Though it so far has little to show for its efforts, participating firms
are to post their techniques for dealing with the many labor, human
rights and environmental challenges spawned by globalization on
the program's Web site in October, said U.N. Assistant Secretary-
General Michael Doyle.
The idea, he said in a recent interview, is to use the Web site,
www.unglobalcompact.org, as the foundation for a learning network where companies can share "best practices" on how they deal with the human side of economic change.
"It's going to be a genuine learning exchange," he said. "One year
in, we've seen the companies making the kinds of practical and
intellectual bridges we were hoping for."
Doyle acknowledged the program's form was in part dictated by a
recognition that the corporate world was unwilling to accept binding
global standards on corporate governance.
But environmental and human rights groups that have been
participating in the program from the start said they were
nonetheless underwhelmed by the Global Compact's achievements
"Viewing the program solely as a learning experience represents a
wasted opportunity in assuring corporate responsibility," said
Arvind Ganesan, the Washington-based director of business and
human rights programs for Human Rights Watch. "The progress we
expected on moving beyond just a learning forum hasn't occurred
COMMITMENT TO HUMAN RIGHTS
Doyle said companies participate in the Global Compact by
making a commitment to observe a series of general principles on
human rights, labor relations and environmental protection, and to
engage in an open dialogue on how they were doing so.

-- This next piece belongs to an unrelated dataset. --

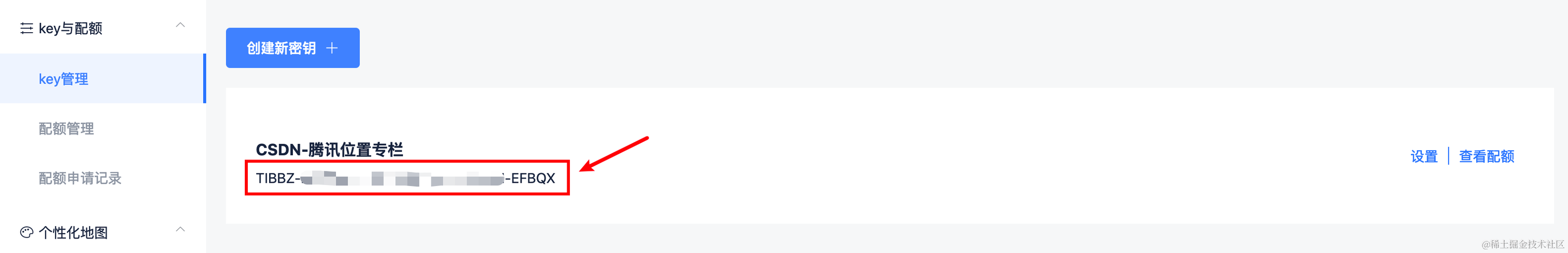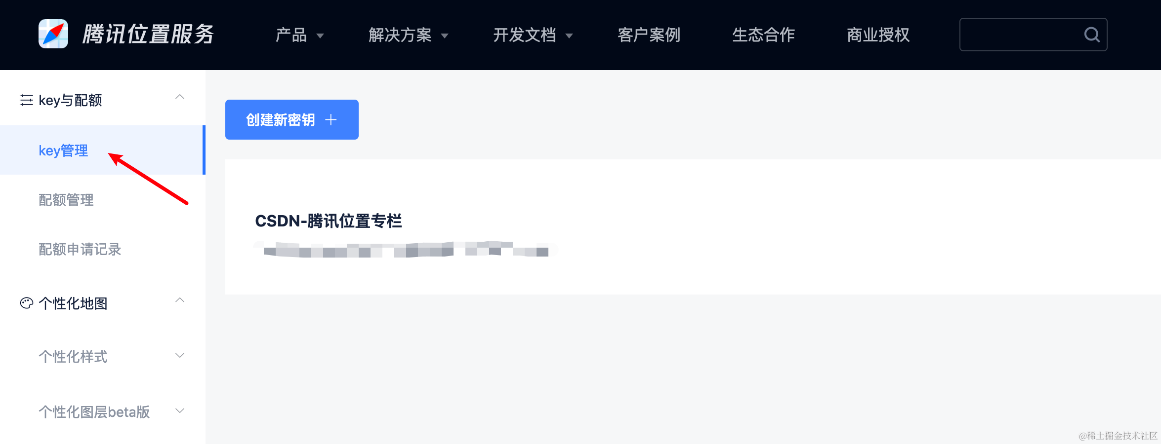 点击左侧key与配额下的key管理:
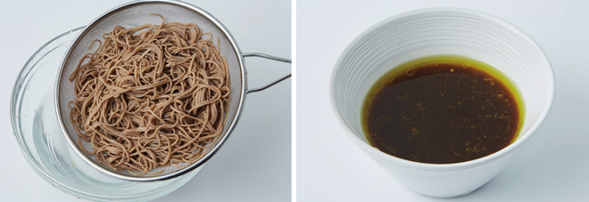 ③ 끓는 물(2컵)에 메밀면을 넣어 5분간 삶아 건진 뒤 찬물에 헹궈 체에 밭쳐 물기를 제거한다.

Once their chosen methods of carrying out those guidelines are
posted on the Internet, they are subjected to critiques - by their
own employees as well as outsiders including human rights and
environmental groups and labor unions.
Among the firms already posting their submissions, the German
chemical giant BASF said, for example, that it had developed a
code of conduct linked to business goals and was assessing the
environmental impact of its activities.
South Africa's state-owned Eskom, Africa's largest provider of
electricity, said it had incorporated human rights considerations
into its decision-making and was actively recruiting more black
Ganesan of Human Rights Watch said that since the program had
issued guidelines on how businesses should behave, it should at
least try to assure the guidelines were being applied, for example
by procuring goods only from responsible companies.
It should also try to assure that companies were moving forward,
by adopting new measures rather than simply reporting on past
accomplishments, he said.
Even the United Nations itself was not yet applying the guidelines
in its own procurement policies, he said.